## Extracted data
--- START ---

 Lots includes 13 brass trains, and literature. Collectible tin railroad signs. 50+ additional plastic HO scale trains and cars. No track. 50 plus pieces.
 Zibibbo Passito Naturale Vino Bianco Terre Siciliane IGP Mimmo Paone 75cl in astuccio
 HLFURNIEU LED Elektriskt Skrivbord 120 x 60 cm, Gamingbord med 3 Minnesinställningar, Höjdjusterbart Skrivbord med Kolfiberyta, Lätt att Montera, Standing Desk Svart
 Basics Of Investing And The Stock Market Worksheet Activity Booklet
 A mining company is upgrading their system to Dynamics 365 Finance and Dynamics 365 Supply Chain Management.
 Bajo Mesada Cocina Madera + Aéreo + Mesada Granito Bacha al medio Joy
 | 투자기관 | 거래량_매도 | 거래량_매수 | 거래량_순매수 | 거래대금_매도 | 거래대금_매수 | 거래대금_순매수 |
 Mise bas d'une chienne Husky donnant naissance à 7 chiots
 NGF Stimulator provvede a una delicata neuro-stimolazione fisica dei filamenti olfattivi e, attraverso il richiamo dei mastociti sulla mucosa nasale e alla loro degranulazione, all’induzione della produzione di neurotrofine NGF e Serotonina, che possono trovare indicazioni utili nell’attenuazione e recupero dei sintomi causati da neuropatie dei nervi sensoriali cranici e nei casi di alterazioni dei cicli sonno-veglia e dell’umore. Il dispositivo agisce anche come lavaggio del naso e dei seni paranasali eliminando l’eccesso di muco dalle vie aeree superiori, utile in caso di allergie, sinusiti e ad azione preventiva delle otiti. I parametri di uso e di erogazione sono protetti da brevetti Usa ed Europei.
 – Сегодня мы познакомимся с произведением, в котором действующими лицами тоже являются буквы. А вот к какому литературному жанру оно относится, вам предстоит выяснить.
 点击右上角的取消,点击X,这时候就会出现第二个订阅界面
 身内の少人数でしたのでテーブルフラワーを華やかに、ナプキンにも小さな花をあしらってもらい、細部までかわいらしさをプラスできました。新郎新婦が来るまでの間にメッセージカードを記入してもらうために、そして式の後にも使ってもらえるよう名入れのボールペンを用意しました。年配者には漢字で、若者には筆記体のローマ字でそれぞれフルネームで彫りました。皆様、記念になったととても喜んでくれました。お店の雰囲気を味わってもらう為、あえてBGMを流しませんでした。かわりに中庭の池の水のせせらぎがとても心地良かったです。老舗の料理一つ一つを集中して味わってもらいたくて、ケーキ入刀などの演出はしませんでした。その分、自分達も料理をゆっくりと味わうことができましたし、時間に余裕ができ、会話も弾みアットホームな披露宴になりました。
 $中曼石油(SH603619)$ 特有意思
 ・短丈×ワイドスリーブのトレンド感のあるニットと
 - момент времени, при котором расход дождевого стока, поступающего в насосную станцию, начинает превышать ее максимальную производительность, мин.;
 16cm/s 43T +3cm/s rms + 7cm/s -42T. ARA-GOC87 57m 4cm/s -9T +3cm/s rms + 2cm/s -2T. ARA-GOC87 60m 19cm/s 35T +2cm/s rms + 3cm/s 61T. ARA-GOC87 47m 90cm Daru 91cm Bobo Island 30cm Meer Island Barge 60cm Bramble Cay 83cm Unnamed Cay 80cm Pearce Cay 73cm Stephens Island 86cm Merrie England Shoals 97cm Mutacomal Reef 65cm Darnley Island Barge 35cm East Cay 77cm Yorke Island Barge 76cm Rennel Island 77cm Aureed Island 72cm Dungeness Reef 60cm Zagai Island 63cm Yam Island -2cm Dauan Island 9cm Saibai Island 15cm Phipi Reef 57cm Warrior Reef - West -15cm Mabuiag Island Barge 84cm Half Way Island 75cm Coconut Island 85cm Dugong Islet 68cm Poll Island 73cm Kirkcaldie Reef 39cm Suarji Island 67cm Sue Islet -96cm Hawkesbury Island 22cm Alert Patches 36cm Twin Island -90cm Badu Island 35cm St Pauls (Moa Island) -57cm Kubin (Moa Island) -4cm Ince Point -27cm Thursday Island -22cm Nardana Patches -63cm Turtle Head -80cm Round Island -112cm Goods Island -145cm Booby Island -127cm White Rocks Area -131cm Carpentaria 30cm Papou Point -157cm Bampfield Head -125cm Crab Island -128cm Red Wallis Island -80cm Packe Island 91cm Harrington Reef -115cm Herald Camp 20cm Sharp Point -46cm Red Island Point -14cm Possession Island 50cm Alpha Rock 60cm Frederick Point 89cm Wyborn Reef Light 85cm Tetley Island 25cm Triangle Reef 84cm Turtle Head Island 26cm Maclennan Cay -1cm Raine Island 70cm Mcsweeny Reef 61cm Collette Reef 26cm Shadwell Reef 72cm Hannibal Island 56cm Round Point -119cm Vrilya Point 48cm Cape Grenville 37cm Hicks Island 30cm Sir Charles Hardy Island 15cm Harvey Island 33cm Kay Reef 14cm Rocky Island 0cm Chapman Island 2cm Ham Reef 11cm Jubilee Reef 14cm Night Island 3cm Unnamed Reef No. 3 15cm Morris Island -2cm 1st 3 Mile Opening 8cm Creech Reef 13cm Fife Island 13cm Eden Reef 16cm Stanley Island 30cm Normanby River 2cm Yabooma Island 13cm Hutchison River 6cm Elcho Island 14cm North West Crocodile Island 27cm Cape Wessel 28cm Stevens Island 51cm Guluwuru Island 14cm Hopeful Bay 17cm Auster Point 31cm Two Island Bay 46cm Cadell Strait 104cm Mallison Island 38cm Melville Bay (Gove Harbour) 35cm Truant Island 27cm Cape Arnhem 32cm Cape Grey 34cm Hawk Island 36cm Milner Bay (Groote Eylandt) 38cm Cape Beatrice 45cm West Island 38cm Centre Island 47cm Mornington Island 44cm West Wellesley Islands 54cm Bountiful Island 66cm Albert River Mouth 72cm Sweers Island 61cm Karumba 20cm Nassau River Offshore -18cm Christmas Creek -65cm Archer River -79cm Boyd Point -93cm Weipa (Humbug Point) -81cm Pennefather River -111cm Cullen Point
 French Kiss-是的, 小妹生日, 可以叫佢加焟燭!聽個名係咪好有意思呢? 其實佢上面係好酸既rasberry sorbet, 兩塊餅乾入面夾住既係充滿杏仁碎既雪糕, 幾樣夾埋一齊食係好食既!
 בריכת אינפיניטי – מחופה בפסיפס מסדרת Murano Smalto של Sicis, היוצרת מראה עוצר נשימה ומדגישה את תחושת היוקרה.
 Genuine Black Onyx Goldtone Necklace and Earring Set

--- END ---

Which lines of the data above contain the string "котором"? Copy each of them.

## Solved exercise
 – Сегодня мы познакомимся с произведением, в котором действующими лицами тоже являются буквы. А вот к какому литературному жанру оно относится, вам предстоит выяснить.
 - момент времени, при котором расход дождевого стока, поступающего в насосную станцию, начинает превышать ее максимальную производительность, мин.;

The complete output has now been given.